11. Common Pitfalls and How to Avoid Them
| Symptom | Cause | Countermeasure |
|---|---|---|
| CI is slow and nobody waits for it | Running a full test suite every time | Split tests between PR and main, parallelize jobs |
| Only production fails | Differences in secrets or environment variables | Manage settings per environment using Environments, maintain .env.example and documentation |
| Kubeconfig is lost / leaked | Raw info written in workflows or logs | Store kubeconfig in Secrets, never log it, delete temporary files |
| Deployment fails unnoticed | Insufficient notification settings | Enable GitHub notifications, integrate with Slack or email to avoid missing failures |
| YAML becomes overly complex | Trying to do everything in one workflow | Split CI / CD, and staging / production into separate workflows |
12. Introduction Roadmap (Gradual, Step-by-Step)
- Create a test-only CI workflow (for push / PR).
- Add a stage that builds Docker images and pushes them to a container registry like GHCR.

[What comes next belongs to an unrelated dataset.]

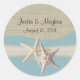 Starfish & Burlap Ocean Sky Blue Runder Aufkleber
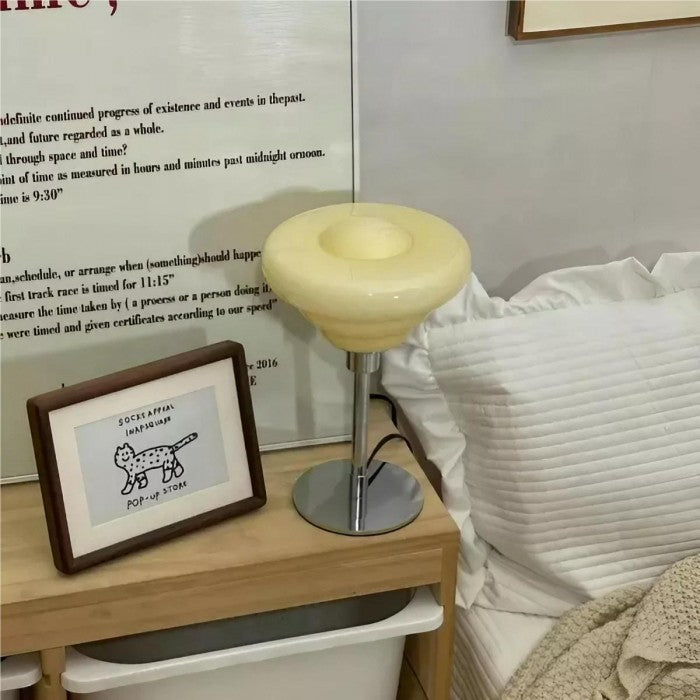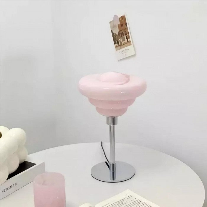 Denna Egg Tart Ripple Glass Bordslampa för med sig avantgardedesign till ditt rum. Den unika flerlagsglasstrukturen skapar en fängslande ljus- och skuggeffekt. Med en blomknopp-inspirerad form lägger den till ett inslag av elegans och modernitet i varje miljö.

- Automate deployment to the staging cluster and integrate it with FastAPI settings using
ENV=stg. - Use GitHub Environments and Secrets to create a
deploy-productionjob (manual trigger + approval) for production. - Evolve as needed: rollback workflows, Helm / kustomize integration, HPA linked to custom metrics, etc.
13. Reference Links
Here are official docs and trustworthy articles for readers who want to go deeper.
-
GitHub Actions
-
FastAPI deployment related
-
Docker / Container registries
-
Kubernetes × GitHub Actions
-
CI/CD and Kubernetes in general
14. Summary
- With GitHub Actions, you can combine tests, Docker builds, registry pushes, and Kubernetes deployments for a FastAPI app into a single automated workflow.
- By leveraging Environments and Secrets, you can easily manage differences and permissions between staging and production, reducing human error.
- Using Docker image tags, rollback workflows, and a well-thought-out test strategy, you’ll have a system that lets you respond calmly even when issues occur.
- Instead of aiming for perfection from day one, start with the three steps of “Tests → Build → Staging Deploy,” then gradually expand to production and more advanced mechanisms.
For today, take the first step by creating a test-only workflow, and then layer Docker builds and deployments on top of it.
Seeing your FastAPI app move closer to a “push-to-release” state will be a very exciting experience.